Примером может служить Александр Никитенко, оценивший в дневнике 1913 г. свое назначение. «Сегодня министр очень долго говорил со мной ‹…›. Действуйте, – между прочим сказал он, – по системе, которую вы должны постигнуть не из одного цензурного устава, но из самих обстоятельств и хода вещей. Но при этом действуйте так, чтобы публика не имела повода заключать, будто правительство угнетает просвещение» (Никитенко, 2005, 46).
См. Гройс (Groys): «Социалистический мимезис ‹…› направлен на скрытую сущность вещей, а не на их явление ‹…› Социалистический реализм ‹…› ориентируется на нечто, что еще не существует, но должно быть создано» (1988, 58). Соцреализм творит идеологическую действительность, исходя не из того, что есть, но из того, чему надлежит быть; социалистический реализм – это поэтика «несуществующего» (Там же, 57).
Разумеется, что имеют место и субверсивные контрстратегии, подрывающие этот дискурс правды. Они представлены текстами позднего авангарда 1930-х годов или произведениями диссидентов, использовавших эзопов язык. К стратегии «субверсивного утверждения», опровергающего тоталитарное слово с опорой на его собственные ресурсы, см.: Sasse / Schramm, 1977.
С этим сопряжена проблема взаимосвязи мысли и поступка. Так, Соловьев в сочинении «Оправдание добра» (1897) считает основанием морально-правовой оценки «внутреннее поступка» (см. рассуждения Ю. Мурашова в связи со сценой суда в «Братьях Карамазовых»: Murašov, 2001).
Лосев предлагает проводить различие между эзоповым языком и загадкой по признаку амбивалентности. В загадках, как и в эзоповом языке, референт не называется эксплицитно в самом тексте; функция такого текста – подтолкнуть читателя к поиску собственного наименования референтного объекта; текст загадки представляет собой, так же как и текст на эзоповом языке, «неполное и/или искаженное (трансформированное / метафорическое) описание загадочного объекта» (Loseff, 1994, 29; Лосев цитирует дефиницию загадки Юрия Левина). Однако в загадке, басне или аллегории «образ формируется не на основе амбивалентности, а в соответствии с четко закрепленными мифологическими коннотациями» (41).

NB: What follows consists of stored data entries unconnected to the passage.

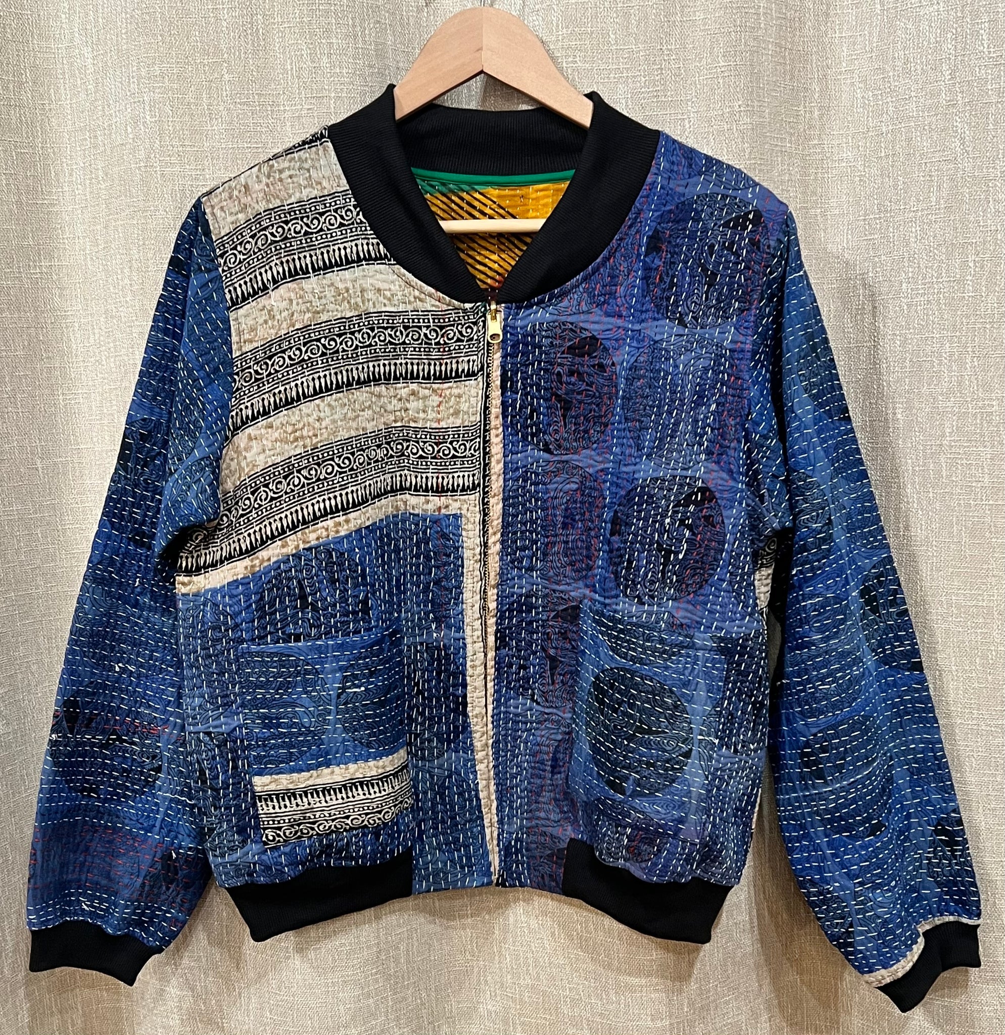 Sustainable by design: repurposed saris → quilts → this bomber jacket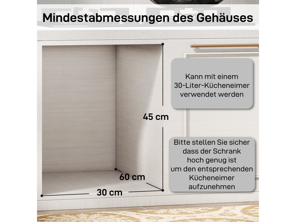 - Důmyslný design: Víko odolné proti mrazu účinně zachycuje pachy a udržuje vaše prostředí svěží. Vnitřní koše na odpadky jsou opatřeny úchyty pro snadné a čisté vyjmutí a pohodlné čištění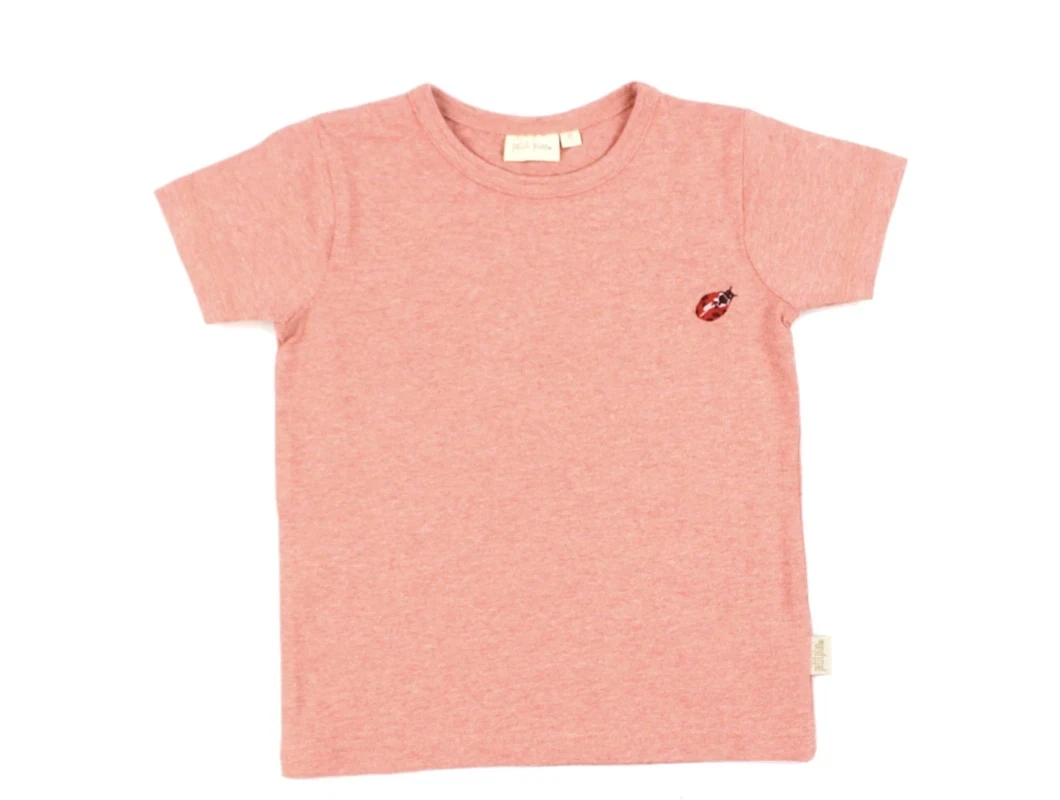 Kortærmet t-shirt i farven sea shell pink med mariehøne emblem fra Petit Piao.

Это соответствует морально-философскому или теологическому подходу к проблеме; иначе подходят к ней теории, которые придают фантазии и воображению положительный смысл. См.: Lachmann, 1998.

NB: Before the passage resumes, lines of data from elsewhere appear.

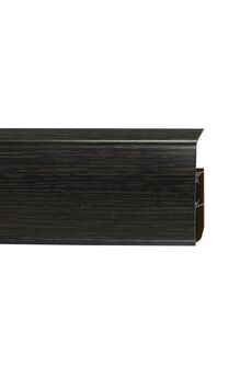 Утонченный и высокий профиль (80 мм) с острыми краями. Благодаря съёмной панели монтаж электрических проводов, покраска стен, оклеивание обоями возможны без демонтажа профилей. Конструкция позволяет монтировать и демонтировать плинтус без использования инструментов. Существует возможность размещения большого количества проводов, в том числе после монтажа. Специальная двухслойная технология: помимо слоя краски, дополнительно покрывается специальным лаком, благодаря чему его покрытие становится однородным, а это дополнительно защищает изделие от разного вида механических повреждений и вредного воздействия лучей УФ. Благодаря эластичному материалу, плинтус идеально прилегает даже к неровностям стен и полов. Широкий и прочный плинтус с элегантной отделкой "Венге Цаво", скрывает зазоры, прост в установке, подходит под любые покрытия и позволяет спрятать провода.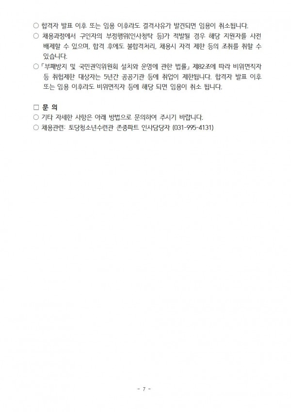 토당청소년수련관 [2023-2]토당청소년수련관 2023년 제1차 기간제근로자 채용 재공고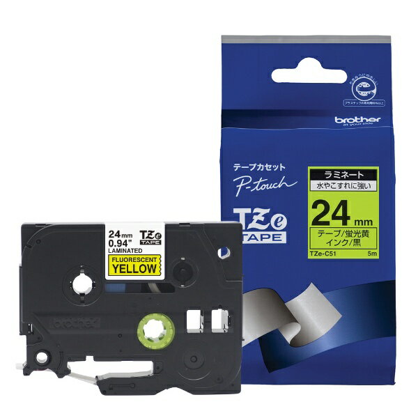 brother|ブラザー 【ブラザー純正】ピータッチ ラミネートテープ TZe-C51 幅24mm (黒文字/蛍光黄) TZe TAPE 蛍光黄 TZe-C51 [黒文字 /24mm幅][TZEC51]
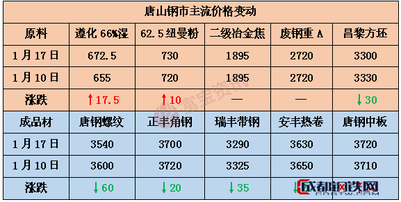 價(jià)格 唐山全市啟動(dòng)重污染天氣Ⅱ級(jí)應(yīng)急響應(yīng),下游軋鋼廠相繼停產(chǎn)后,鋼坯需求進(jìn)一步減少,直發(fā)成交表現(xiàn)一般,倉(cāng)儲(chǔ)現(xiàn)貨報(bào)3410元含稅左右,臨近新春,市場(chǎng)交投有限,黑色系期螺持紅震蕩,商家保持觀望心態(tài),唐山主流鋼廠鋼坯執(zhí)行春節(jié)鎖價(jià)政策3300元至1月30日。本周鋼市變化情況如下表: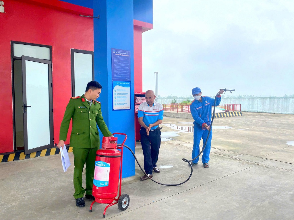 | Cảnh sát PCCC&CNCH kiểm tra cửa hàng xăng dầu ở xã Đại Huệ |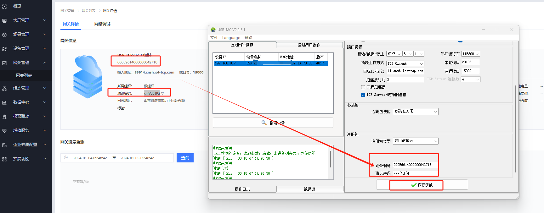 2)工作方式選擇TCP Client,目標ip: 59614.cnsh.iot-tcp.com,遠程端口號:15000,注冊包選用啟用透傳云,設備編號和通訊密碼可以在有人云平臺設備列表中的查看中可以查看到。設置完成后點擊保存參數。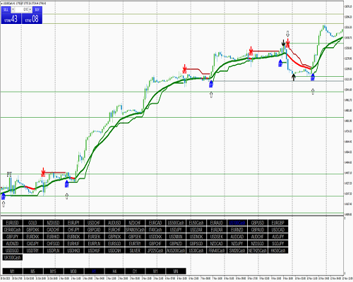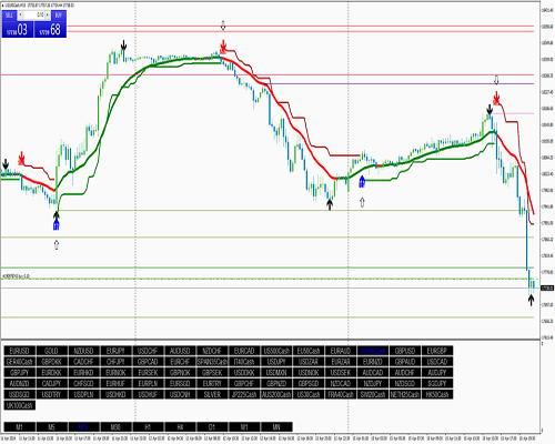 Indikator kompleks dengan Supertrend (atr 2,8, periode 18 dan MA 18).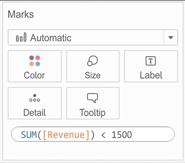 What if you wanted to quickly highlight any renters who had paid less than $1,500? One option would be to create an ad hoc calculation. To do so, simply double-click on an empty area of the Columns, Rows, or Measure Values cards, or on the empty space of the Marks shelf, and then start typing the code for a calculation. In this example, we’ve double-clicked the empty space on the Marks shelf: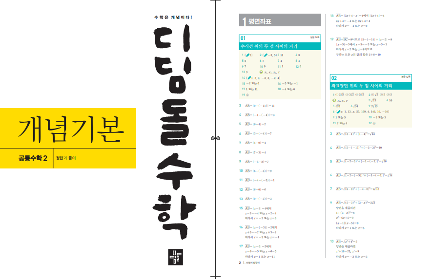 디딤돌수학 개념기본 공통수학1 (2026년)은 중학교 과정을 마치고 고등 수학으로 넘어가는 시점에서 꼭 필요한 개념을 체계적으로 정리해 주는 교재입니다. 고등 수학은 추상적인 개념이 많아지기 때문에 처음 개념을 어떻게 이해하느냐가 매우 중요한데, 이 교재는 개념을 정확하게 잡을 수 있도록 단계적으로 설명해 주는 것이 특징입니다. 특히 개념 이해와 문제 적용을 동시에 잡을 수 있도록 구성되어 있어, 예비 고등학생이나 기초를 다시 다지고 싶은 학생들에게 적합합니다. 아래 디딤돌수학 개념기본 공수1 답지 pdf도 올려두겠습니다. 표지를 꼭 확인하시길 바랍니다.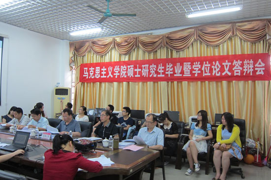 6月6日和6月7日,学院2014届硕士研究生学位论文答辩会顺利举行。思想政治教育和马克思主义基本原理两个专业共26位毕业生参加了答辩。答辩会邀请了自治区地质矿产勘查开发局党组书记唐善茂教授和广西师范大学博士生导师黄瑞雄教授分别担任答辩委员会主席,学院研究生导师、2014届硕士研究生参加了此次答辩会。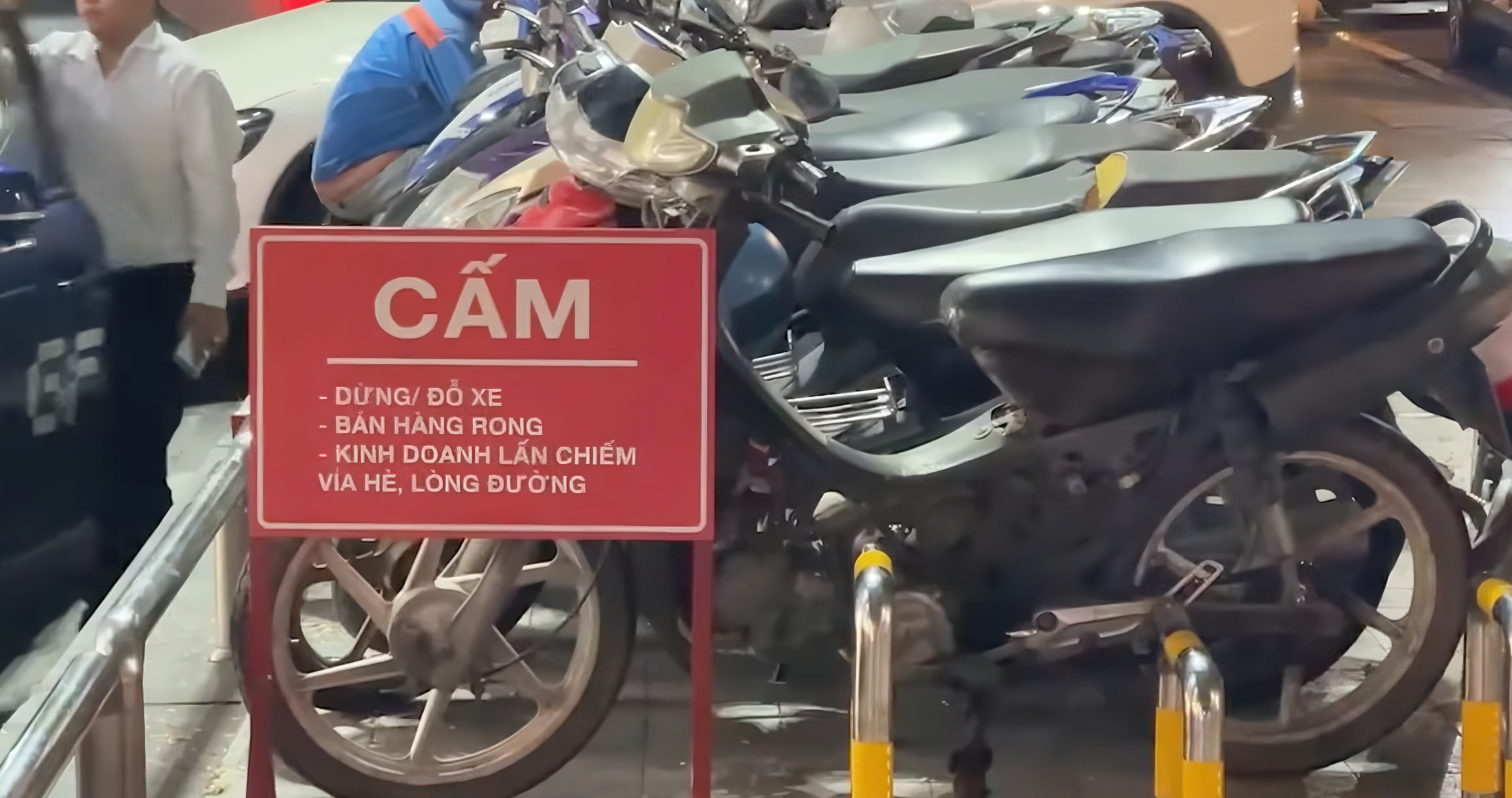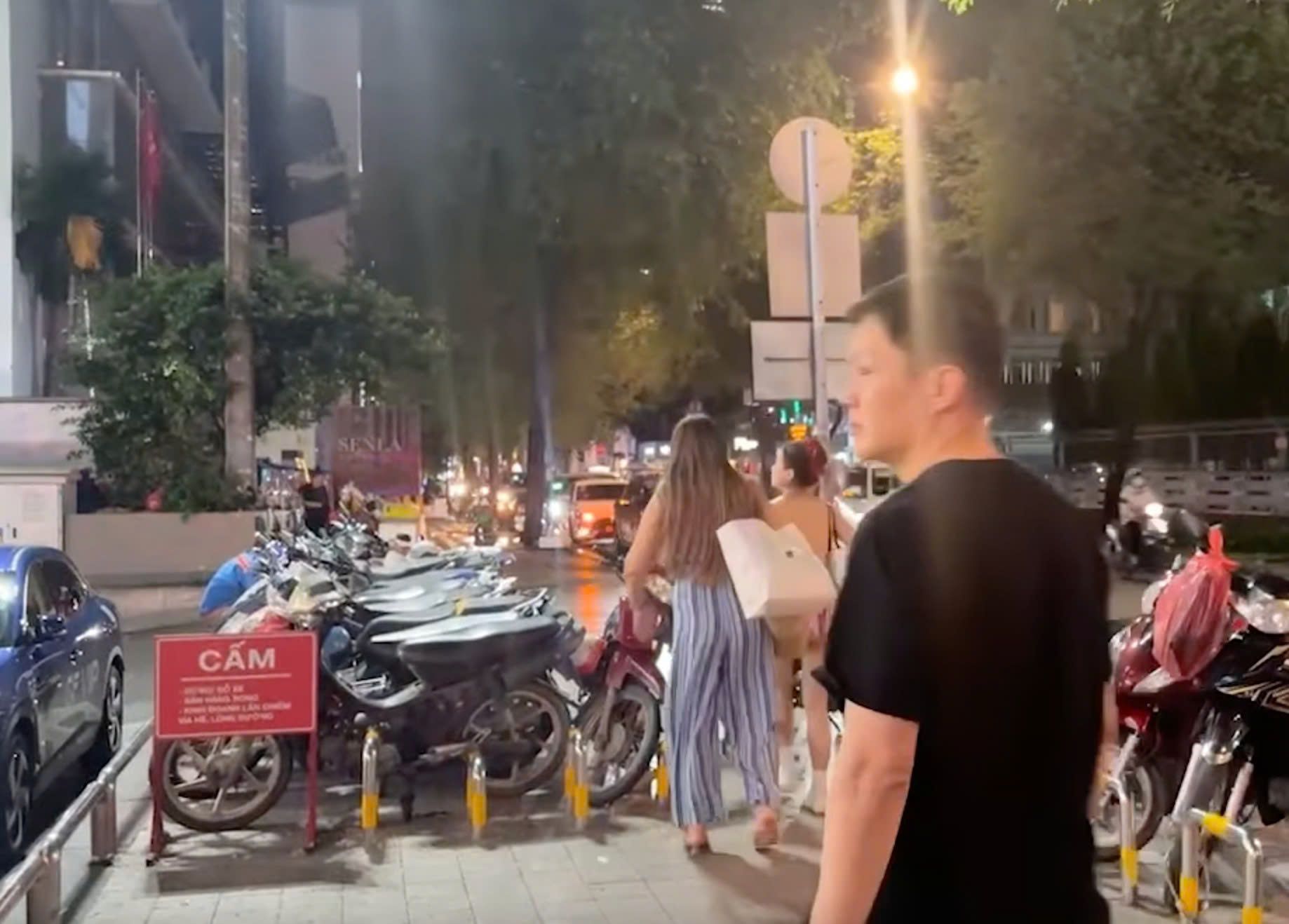 Ngay tại phường Sài Gòn, hàng dài xe máy, ô tô đậu nghênh ngang, được giữ xe thu phí hẳn hoi, ngay sau bảng cấm.

«Неправда ( falsiloquium ) не равнозначна лжи. Ложь характеризуется не только разрывом между речью и духом, но и тем, что она наносит вред самому говорящему или другому человеку, тогда как простая неправда не всегда связана с нанесением вреда» (Baumeister: Elementa philosophae recentioris. Цит. по: Bien, 1980, 538).

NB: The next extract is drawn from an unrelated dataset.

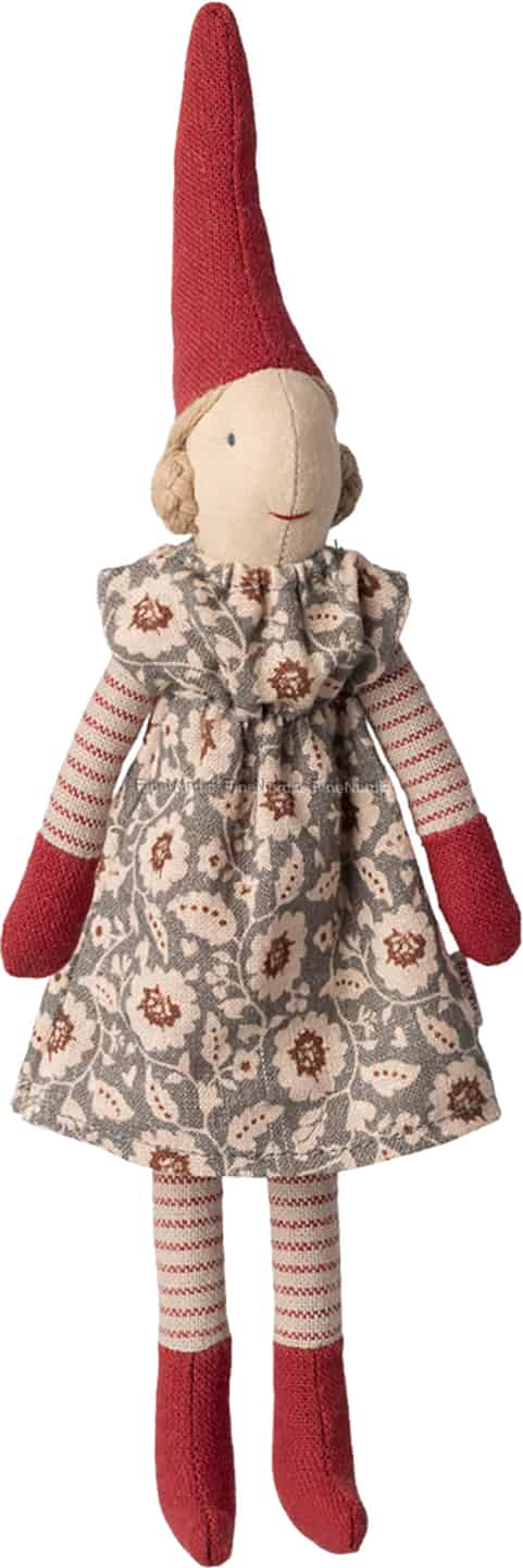 Bjud in en liten del av den danska jultraditionen i ditt hem med denna förtrollande nisse från Maileg. Med sitt milda leende och vackert detaljerade klädsel är hon redo att dela julens alla stilla och glädjefyllda ögonblick med dig.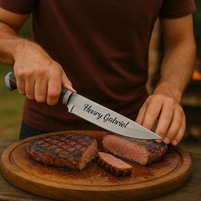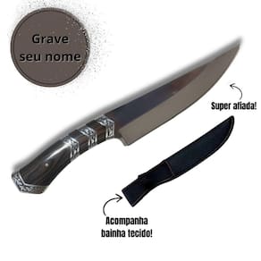 Faca Personalizada Para Caça Pesca E Churrasco Com Bainha Descrição: Faca Personalizada para Churrasco e Caça - Aço Inox com Bainha Estilo, robustez e funcionalidade em uma só peça. Ideal para quem leva o churrasco ou a caça a sério, esta faca une qualidade premium, design marcante e a exclusividade da personalização a laser. - Detalhes do Produto: .Lâmina em aço inox de alta resistência e corte preciso .Super afiada: desempenho para cortes limpos e rápidos .Tamanho total: 30,5 cm Lâmina: 18,2 cm .Largura da lâmina: 3,8 cm Espessura diâmetro : 4 mm .Peso: 252 g - ideal para quem prefere facas mais encorpadas .Acompanha bainha de tecido Napa para transporte seguro e elegante - Personalização Exclusiva a Laser: .Grave nome e símbolo à sua escolha .Envie os dados imediatamente após a compra .Obs: Se os dados não forem enviados, a faca será enviada sem personalização - Destaques: .Ideal para churrasco, caça ou coleção .Acabamento impecável e excelente durabilidade .Presente perfeito para amantes da faca artesanal .Peça robusta e de alta qualidade - Atenção: .Produto extremamente afiado. .Mantenha fora do alcance de crianças. .Utilize com cuidado. Marca: Não Informado

«Политик должен уметь симулировать и диссимулировать и не краснеть, если ему приходится вынужденно лгать из государственных соображений. В том, что не все falsiloquia греховны, а многие допустимы и даже представляют собой bona opera , эти моралисты придерживаются единого мнения. Что касается политических falsiloquia , то следует лишь внимательно следить за тем, чтобы falsiloquium не обнаружилась» (Chr. Heumann: Politischer Philosophus. Das ist, vernunftmäßige Anweisung zur Klugheit im gemeinen Leben [Политический философ. То есть разумное руководство к умному поведению в общественной жизни]. Цит. по: Bien, 1980, 538).
Бенжамен Констан, которому Кант отвечает в своем эссе «Известие о близящемся завершении…» («Verkündigung des nahen Abschliessens…»), уточняет предпринятое просветителями оправдание лжи в политике в том смысле, что долг говорить правду существует лишь постольку, поскольку правом говорить правду обладает и собеседник. Эта поправка привлекает внимание Канта, утверждающего долг правдивости как нравственный закон и долг человека перед самим собой и другими людьми. «Во всем, что он [человек] говорит, он должен быть правдив (он не должен обманывать)»; «Нарушение этого долга правдивости называется ложью» (Kant, 1923, 421). Еще радикальнее это требование звучит у Фихте: «Нравственный образ мысли не знает лжи; лгать означает встать на сторону зла» (Fichte, 1963, 285).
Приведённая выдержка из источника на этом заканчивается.